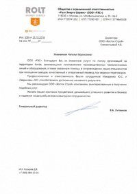 ООО "РЭС" благодарит Вашу компанию за оказанные услуги по поиску организаций на территории Китая, занимающихся изготовлением производственных технологических линий и оборудования, а также оказанную помощь в сопровождении наших специалистов при посещении заводов, качественный и оперативный перевод при ведении переговоров. Профессионализм и ответственность Ваших сотрудников Макаренко Ю.С. и Лавринович Я.О. способствовали достижению желаемого результата. Мы рекомендуем Вашу компанию, всем заинтересованным в получении подобных услуг. Желаем процветания, дальнейшего успешного развития в бизнесе и надеемся на дальнейшее взаимовыгодное сотрудничество.
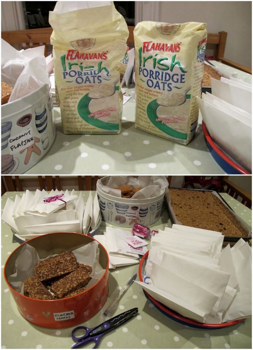 As well has handing out sachets of Flahavan’s 3 minute microwave porridge oats to fellow Cybermummy delegates I also wanted to give people something of my own. Initially I’d toyed with macarons or mini cupcakes but as soon as Flahavans were mentioned, I said FLAPJACKS!
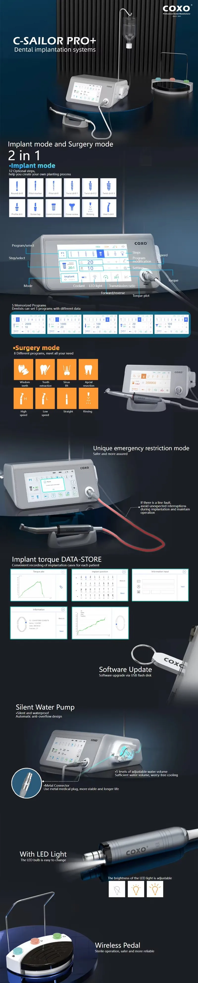 Dental Implant Motor Brushless Surgical Implant System Touch Screen with 20:1 and 1:4.2 Fiber Optic Contra Angle Dentist tools
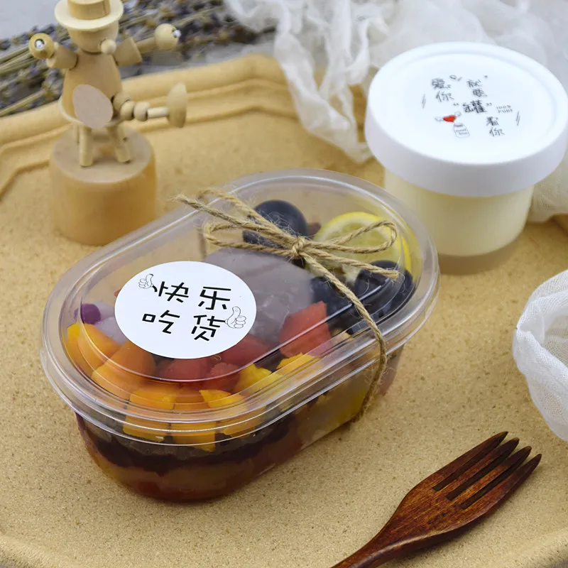 50Db Nettó Piros Háziállat Műanyag Tál Átlátszó Torta Doboz Csomagolás Gyümölcs Saláta Fagylalt Puding Zselés Desszert Csésze Fedéllel 500 Ml
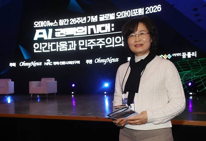 전경희 광주광역시 광산구청 문화교육국장은 20일 오후 서울 중구 세종로 대한상공회의소 국제회의장에서 열린 <오마이뉴스> 창간 26주년 오마이포럼 'AI 권력의 시대 : 인간다움과 민주주의의 미래'에서 "AI 초보자이지만, 많이 배우고 싶은 마음으로 참석했다"라며 이같이 소감을 밝혔다.
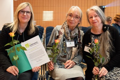 Seit dem Jahr 2000 organisiert Lesewelt Berlin e.V. regelmäßig Vorlesestunden für Kinder im Alter von vier bis zwölf Jahren in ganz Berlin und ist damit ein Pionier unter Deutschlands Vorleseinitiativen und bislang konnten 160.000 kleine Besucher auf spannende Leseabenteuer mitgenommen werden. Lesewelt Berlin ist ein wunderbares Beispiel für bürgerschaftliches Engagement, das im Kleinen begonnen hat und -zu Recht -immer mehr Aufmerksamkeit bekommt und noch mehr bekommen sollte.” “Ich freue mich sehr, dass vor mir zwei Damen stehen, die sich voller Leidenschaft für die Leseförderung einsetzen”, sagte Laudatorin Renate Reichstein. “Wer sich auf der Homepage umschaut und sieht, mit welchen Aktivitäten Frau Müller und Frau Frommholz das Buch an das Kind bringen, wird verstehen, warum die Lesewelt den Preis erhalten hat − auch wenn ihn alle Kandidaten der Longlist verdient hätten.” | ![]() Glückwünsche an Ursula Frommholz |
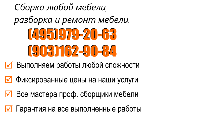 Профессиональный коллектив, состоящий из квалифицированных сборщиков мебели, проживающих в Москве с гражданством - Россия. Не задействуем третьих лиц - каждый заботится о своей положительной репутации. С заказчиком напрямую общается сам исполнитель. Для взаимопонимания принимает заявки старший мастер.
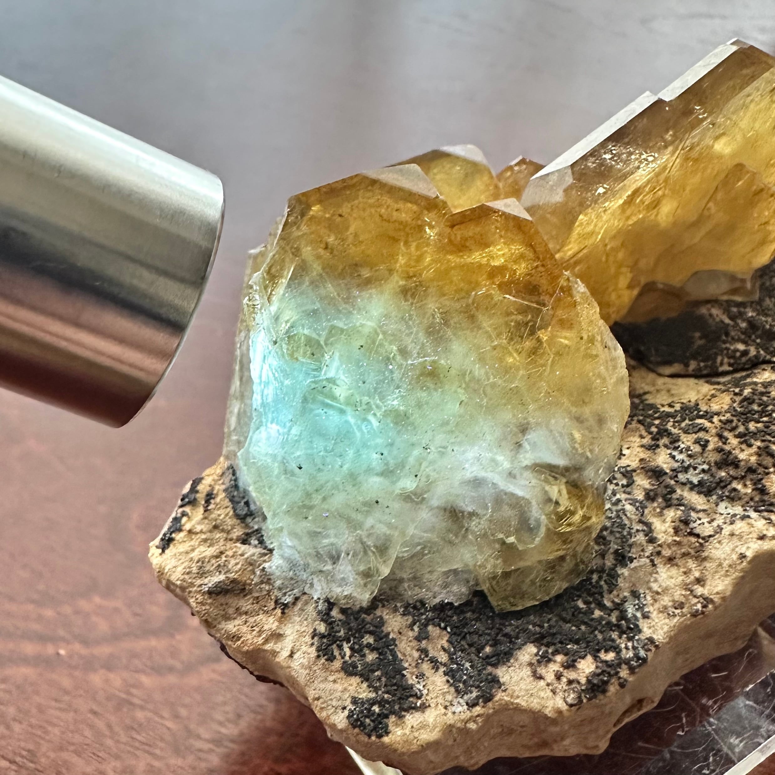 結晶と母岩部分とのバランスも良好で、バライトは白く蛍光します。
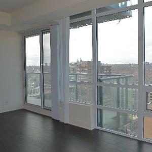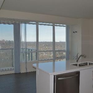 #2603, 825 Church Street – Open concept layout with 682 sq ft + balcony. Floor-to-ceiling windows, hardwood flooring throughout, 9 foot ceilings, large balcony and separate den. The kitchen features six stainless steel Kitchen Aid appliances, granite counters, integrated microwave and the breakfast bar that is perfect for entertaining. Ensuite washer and dryer. Oversized master bedroom with large walk-in closet and stunning bathroom with marble vanity and soaker tub.

▶ [Problem statement]:
Your answer must be an exact copy of the entries above, with no pictures in it.

▶ [Exercise solution]:
 ООО "РЭС" благодарит Вашу компанию за оказанные услуги по поиску организаций на территории Китая, занимающихся изготовлением производственных технологических линий и оборудования, а также оказанную помощь в сопровождении наших специалистов при посещении заводов, качественный и оперативный перевод при ведении переговоров. Профессионализм и ответственность Ваших сотрудников Макаренко Ю.С. и Лавринович Я.О. способствовали достижению желаемого результата. Мы рекомендуем Вашу компанию, всем заинтересованным в получении подобных услуг. Желаем процветания, дальнейшего успешного развития в бизнесе и надеемся на дальнейшее взаимовыгодное сотрудничество.
 As well has handing out sachets of Flahavan’s 3 minute microwave porridge oats to fellow Cybermummy delegates I also wanted to give people something of my own. Initially I’d toyed with macarons or mini cupcakes but as soon as Flahavans were mentioned, I said FLAPJACKS!
 Dental Implant Motor Brushless Surgical Implant System Touch Screen with 20:1 and 1:4.2 Fiber Optic Contra Angle Dentist tools
 50Db Nettó Piros Háziállat Műanyag Tál Átlátszó Torta Doboz Csomagolás Gyümölcs Saláta Fagylalt Puding Zselés Desszert Csésze Fedéllel 500 Ml
 전경희 광주광역시 광산구청 문화교육국장은 20일 오후 서울 중구 세종로 대한상공회의소 국제회의장에서 열린 <오마이뉴스> 창간 26주년 오마이포럼 'AI 권력의 시대 : 인간다움과 민주주의의 미래'에서 "AI 초보자이지만, 많이 배우고 싶은 마음으로 참석했다"라며 이같이 소감을 밝혔다.
 Seit dem Jahr 2000 organisiert Lesewelt Berlin e.V. regelmäßig Vorlesestunden für Kinder im Alter von vier bis zwölf Jahren in ganz Berlin und ist damit ein Pionier unter Deutschlands Vorleseinitiativen und bislang konnten 160.000 kleine Besucher auf spannende Leseabenteuer mitgenommen werden. Lesewelt Berlin ist ein wunderbares Beispiel für bürgerschaftliches Engagement, das im Kleinen begonnen hat und -zu Recht -immer mehr Aufmerksamkeit bekommt und noch mehr bekommen sollte.” “Ich freue mich sehr, dass vor mir zwei Damen stehen, die sich voller Leidenschaft für die Leseförderung einsetzen”, sagte Laudatorin Renate Reichstein. “Wer sich auf der Homepage umschaut und sieht, mit welchen Aktivitäten Frau Müller und Frau Frommholz das Buch an das Kind bringen, wird verstehen, warum die Lesewelt den Preis erhalten hat − auch wenn ihn alle Kandidaten der Longlist verdient hätten.” | ![]() Glückwünsche an Ursula Frommholz |
 Профессиональный коллектив, состоящий из квалифицированных сборщиков мебели, проживающих в Москве с гражданством - Россия. Не задействуем третьих лиц - каждый заботится о своей положительной репутации. С заказчиком напрямую общается сам исполнитель. Для взаимопонимания принимает заявки старший мастер.
 結晶と母岩部分とのバランスも良好で、バライトは白く蛍光します。
 #2603, 825 Church Street – Open concept layout with 682 sq ft + balcony. Floor-to-ceiling windows, hardwood flooring throughout, 9 foot ceilings, large balcony and separate den. The kitchen features six stainless steel Kitchen Aid appliances, granite counters, integrated microwave and the breakfast bar that is perfect for entertaining. Ensuite washer and dryer. Oversized master bedroom with large walk-in closet and stunning bathroom with marble vanity and soaker tub.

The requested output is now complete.